Питер Шредер не бросал слов на ветер. Через три недели он присоединился к армии на Потомаке и служил до самого того дня, когда пал Ричмонд. Надо сказать, что, несмотря на верность, преданность делу, честность и мужество, он заслужил всего лишь сержантские нашивки. Возможно, ему не хватало честолюбия, или привычки старого служаки удерживали его вдали от политических интриг вооруженных граждан, а может быть, не было влиятельных друзей в Вашингтоне, и был он к тому же малость туповат. Однако следует отметить, что упорная приверженность к собственным понятиям о великих республиканских принципах, за которые он дрался, ничуть не пошатнулась под огнем явного и откровенного недовольства начальства и общего неодобрения всего гражданского лагеря. Недовольные боялись его, и даже добрые патриоты ложно истолковывали его сентиментальные убеждения — своих товарищей он ставил в тупик не меньше, чем врагов. Повесть о его короткой военной карьере я закончу историей, которую рассказывают и поныне, хотя только сейчас читатель узнает, как это произошло на самом деле. Доблестный офицер армии конфедератов (потомок тех виргинцев, которые были в числе основателей американской республики), чей полк после дерзкой, но неудачной атаки был разбит наголову, лежал раненный, весь искалеченный перед редутом своего противника, а флаг его отцов гордо развевался прямо перед его глазами.
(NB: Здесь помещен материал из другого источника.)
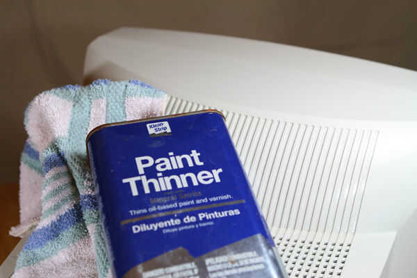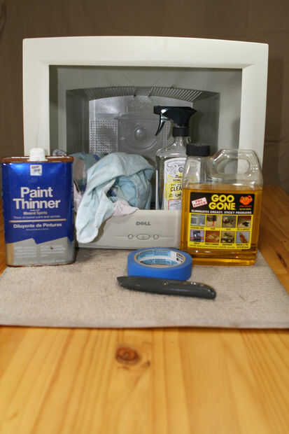 Jabón y agua o limpiador regular. Goo Gone para el material pegajoso, que es de alguna manera en cada monitor de segunda mano que he encontrado. Pintura de preparación para algunas de las pinturas plásticas. Harapos.
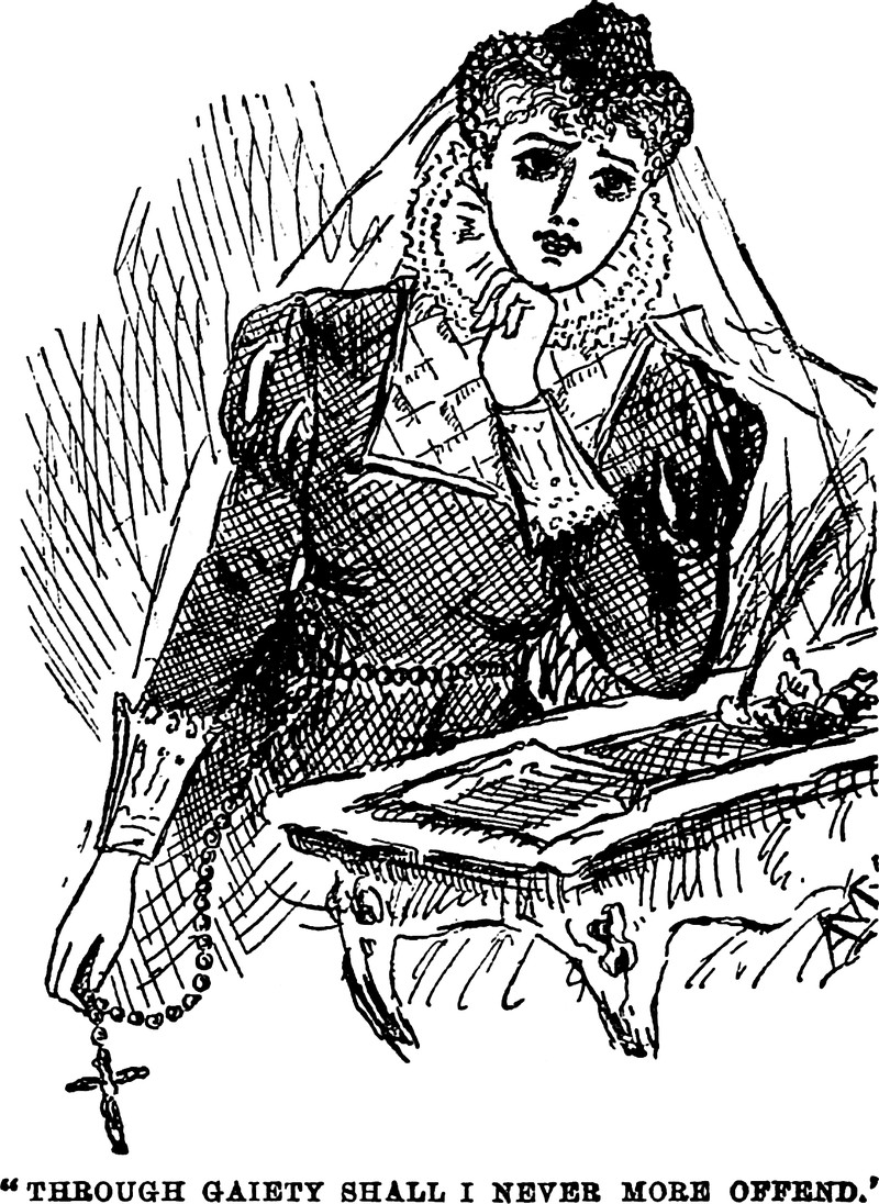 "Through gaiety shall I never more offend," from Home-Theatricals Made Easy, or, Busy, Happy, and Merry by Frances Elizabeth Callow, 1891.

— Я смотрел вверх, джентльмены, — рассказывал он потом, — и сержант с батареи янки заметил меня, с опасностью для жизни прокрался вниз и втащил к себе в укрепление. Он был немец, и я уже благодарил бога, что не обязан спасением жизни янки. Так что же вы думаете, джентльмены! Проклятый немец — он и язык-то наш коверкает и, по-моему, недели две, как приехал в Америку! — смотрит на меня, указывает на мою раненую ногу и заявляет: «Ага! Так тебе и нато, за то, что дрался против старого флага». Уж лучше бы меня осел лягнул, так мне скверно стало. — Ослом, лягнувшим доблестного джентльмена, и был Питер Шредер. Но это был его прощальный пинок; несколько дней спустя он вышел в почетную отставку, получил свое жалованье и прибавку за добровольную службу и отплыл за океан в Германию.
* * *
Прошло пятнадцать лет. Питер Шредер, растолстевший и совсем лысый, сидел в решетчатой беседке — непременной и священной принадлежности сада каждого рейнского домовладельца — и неторопливо потягивал свой мозельвейн. Он уже не замечал, что причудливо изогнутый железный садовый стол куда менее удобен, чем американское кресло или качалка, он давно уже перестал ворчать на эту тему; не замечал он и того, что стол слишком высок и неустойчив, и на него никак не положишь ноги: ведь фрау Шредер в первые же годы после свадьбы наложила грозный интердикт на эту излюбленную американскую позу размышления и питейных радостей. Он не глядел на непременный фонтанчик, каменная чаша которого напоминала тазик, спешно подставленный под струйку воды из невидимой текущей бочки, ни на непременный гротик — убежище детей, — искусно выстроенный из блестящих ракушек и камешков руками какого-то взрослого любителя детских игр. Ничто кругом: ни даже статуя Германии, похожая на Лорелею в шлеме; ни изображение самой Лорелеи, похожей на Германию с арфой; ни даже бюст доброго старого императора, похожего на собственную августейшую особу и отечески поглядывавшего на своих мифологических соседок, — ничто не существовало сейчас для Питера. Отсутствующий взгляд серьезных голубых глаз был устремлен в одну точку, округлые щеки рдели маками, чересчур яркими для «пищеварительного» румянца, который на сочном языке его склонной к философскому анализу нации носит название «Essfieber»; грудь тяжело вздымалась, и забытая трубка гасла в его руке. Питер грезил!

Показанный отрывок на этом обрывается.